Никоныч воткнул шило в помост возле себя и стал тщательно разглядывать починенный чирок.

— Многий, сказывают, ошибнулись, — наконец, сказал он. — А я тебе скажу, Влас Егорыч, большой-то сладости в этой коммуне нету. Верное слово! Слов нету, коим легше шуштествовать стало, но зато беспокойства много. Ох, много! Главное, ты себе не сам полный хозяин…

Влас засмеялся.

— Никоныч, Никоныч! Да ты когда же себе сам полным хозяином был? Ты век на чужих работал. А теперь ты ни перед кем горба не гнешь. Чего же ты толкуешь?

— Ну, я не об себе… — не смутился старик: — А возьми других. Вот на тебя доведись… Ты мужик хозяйственный, понял сразу всю загвоздку, да и айда отседа!..

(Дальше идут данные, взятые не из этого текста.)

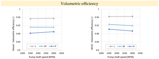 Figure 7 illustrates the trends in volumetric efficiency measured at each investigated operation point, highlighting the influence of the pressure level and pump shaft speed. Notably, as the pressure increases, there is a significant decrease in efficiency (the drop is in the order of seven percentage points from the lowest to highest pressure level). These findings align with the pressure–volume diagrams previously presented, underscoring that the pump fluid transfer capability primarily hinges on the compressibility modulus of the fluid. While the speed dependence is of secondary importance, it remains perceptible. Specifically, at high pressures, the volumetric efficiency of the pump operating with fluids characterized by lower viscosity (such as diesel, HVO 1, and HVO 2) tends to increase with speed. Conversely, when operating with WCO fluid, the pump tends to be penalized at high speeds, despite WCO consistently yielding the highest volumetric efficiency under all conditions. This observation suggests that when the pump speed increases, it does not necessarily result in a higher volumetric efficiency due to leakage reduction. Using fluids with relatively high viscosity, such as WCO, the increased speed leads to increased losses that affect the fluid transfer process.

— Я ж тебе сказал, ошибка у меня вышла…

— Ну, ну, слышу! Конешно, ежели тебе солоно в городу пришлось, так тебе самый верный ход обратно домой.

Влас встал и досадливо покачал головой.

— Стар ты стал, Никоныч. Совсем стар! Все-то ты путаешь!

— Али что я неладно?

Лениво усмехаясь, Влас медленно пошел от старика по пыльной улице. «Старый», подумал он, но сразу же сам с собою заспорил. «А вот Савельич тоже старый, но думы у него совсем иные!». Вспомнив о Савельиче, он перенесся мыслями в город, на постройку, в барак. Поймал себя на теплом желании повидать многих городских своих знакомцев, узнать, как идет стройка, как течет там жизнь и работа.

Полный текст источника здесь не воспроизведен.